Всей компашкой они собирались в парке и пели там караоке до одури. За это Боренька их презирал и всегда пытался отбить у них Танчика. Так что даже если с кем-то из этих девочек у Бореньки и были какие отношения, то или по одури, или от безысходности… Борька всегда сестру против них, что есть силы, воспитывал:
— Цепляешь на себя все, что цепляется! Опять на девок своих насмотрелась? Нет, ну чисто папуасы, что себе на уши ложки понавешивали… Ты значение этой феньки знаешь? Нет? А чего ж носишь, не зная что? На вот, — Боренька лез куда-то в глубину шкафа, доставал пыльную тоненькую книжицу. — Тут и по цветам и по узорам все разбирается. Нечего бездумно повторять за всякими дурами.
Или же:
— Увижу с татуировкой — прибью к чертям. Ты на пигалиц своих из тусни не равняйся, они все через десять лет страдать будут, и дикие бабки отваливать, чтоб эти наколки свести. Я? Нет, я свои наколки через десять лет сводить не буду. Я так долго не проживу.
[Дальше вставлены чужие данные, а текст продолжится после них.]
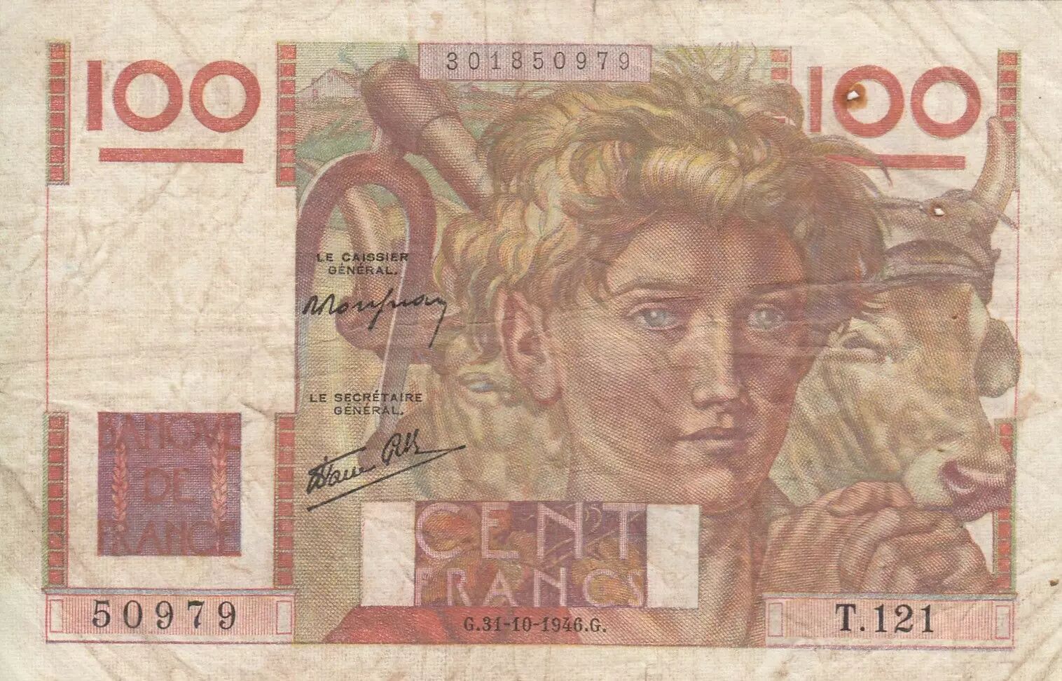 Home > > France 100 Francs - Young farmer - 31-10-1946 - Serial T.121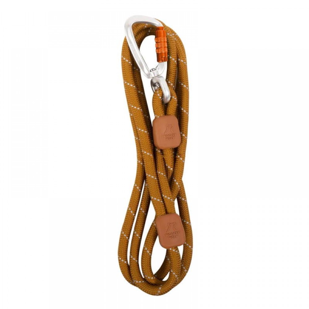Ο οδηγός περιπάτου Honey Ginger Rope Leash της Woolly Wolf κατασκευάζεται σύμφωνα με τη φιλοσοφία των σχοινιών αναρρίχησης. Με εξωτερική ύφανση από 100% ανακυκλωμένο πολυεστέρα (RPET) και πυρήνα από ανθεκτικό Nylon, ο οδηγός αυτός παρουσιάζει εξαιρετική αντοχή και μια ελαφριά ελαστικότητα, που σας βοηθά να ελέγξετε τη συμπεριφορά του μικρού μας φίλου κατά τις εξορμήσεις σας, αποτρέποντας πιθανούς τραυματισμούς και ατυχήματα. Με λευκές ραφές σε όλο του το μήκος που λειτουργούν ως ανακλαστήρες φωτός και ελαφριά δομή, ο οδηγός προσφέρει άνεση στο κράτημα, ενώ το καραμπίνερ από αλουμίνιο με μηχανισμό περιστρεφόμενης κλειδαριάς (twist-lock) που διαθέτει, δένει με σιγουριά προσφέροντας ακόμα περισσότερη ασφάλεια.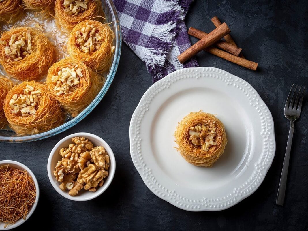 3. Με το πινέλο ραντίζεται με λάδι το κανταΐφι που τοποθετήσατε μπροστά σας.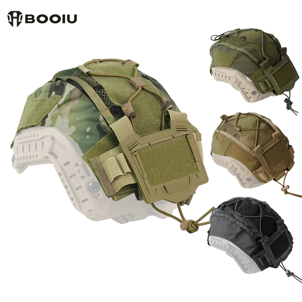 BOOIU Tactical Helmet Cover with Battery Pouch for Fast Helmet 500D Nylon Paintball Airsoft Helmet Cover Battery Pack Hunting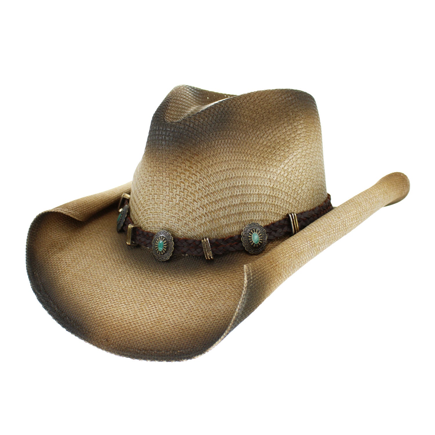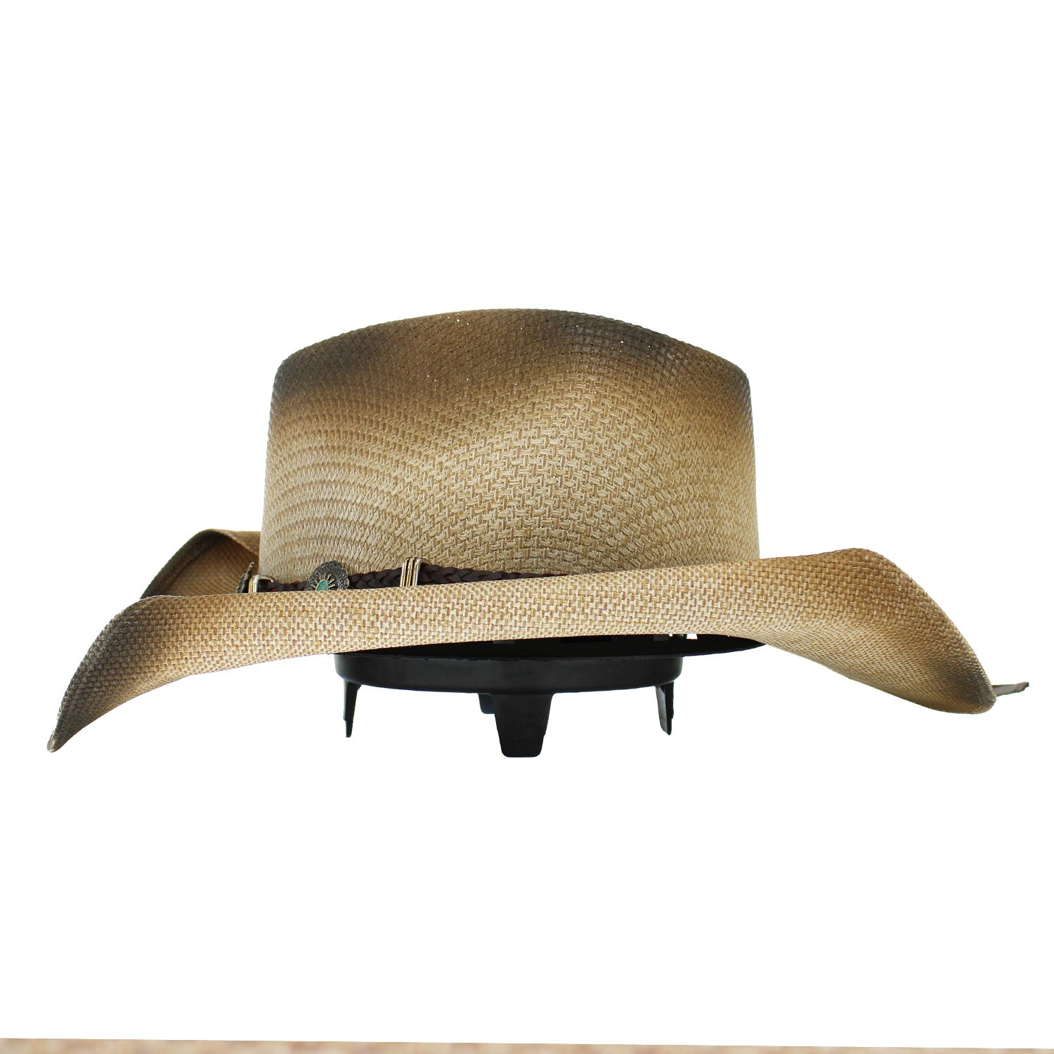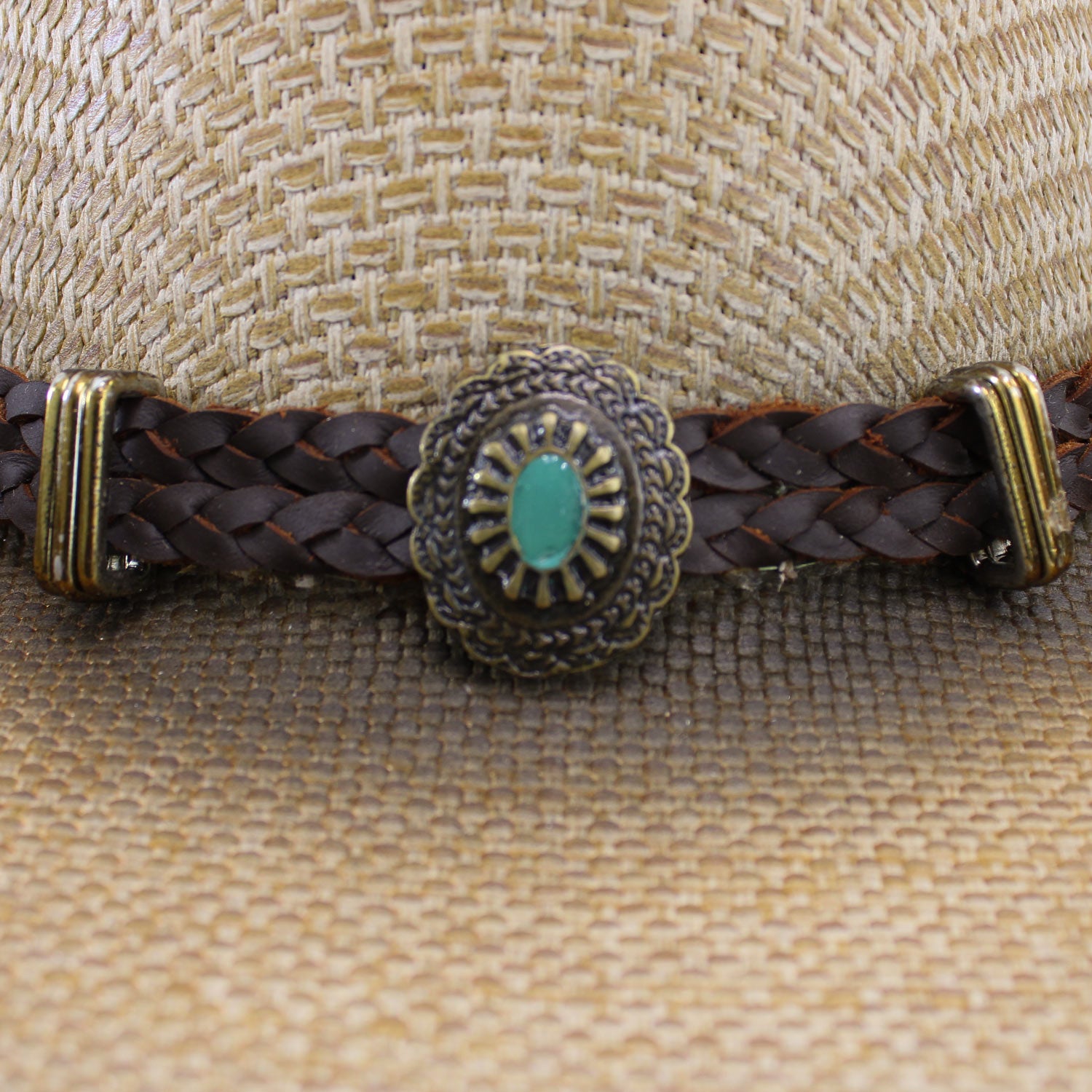 RIVERTextile straw pinched front hat with a 4 1/8" crown, 3 ¾" brim, braided hatband with turquoise accents, and stained straw details for a refined Western style.

В первый раз наслушавшись таких нотаций для Танчика, я прониклась к Бореньке уважением и робко спросила, что означает его широкая черная фенька.
— Кто ее знает, — деловито скривился Боренька. — Много чего, наверно, значит. Каждый сам себе придумывает значения. Это Танчик пусть подходит по-научному, она ж у нас вечный студент… А мы с тобой и так все понимаем, потому что чувствуем. Да?
То, что Танчик не только умудрилась окончить институт с красным дипломом, но и теперь пошла в аспирантуру, отчего-то вызывало у моего Бореньки бурю дурных эмоций:
— Растет в инкубаторе, жизни не знает, с инфантильными студентами тусуется! Да я в ее годы уже от армии косил вовсю! Э, тогда такое времечко было, что косить от армии куда труднее было, чем служить в ней. Всю страну исколесил, столько видел всего… Нет, ну надо же, девке двадцать три года, а она все под крылышком у родителей. Ни разу сама не работала! Придумала себе тоже — красные дипломы, ученая степень…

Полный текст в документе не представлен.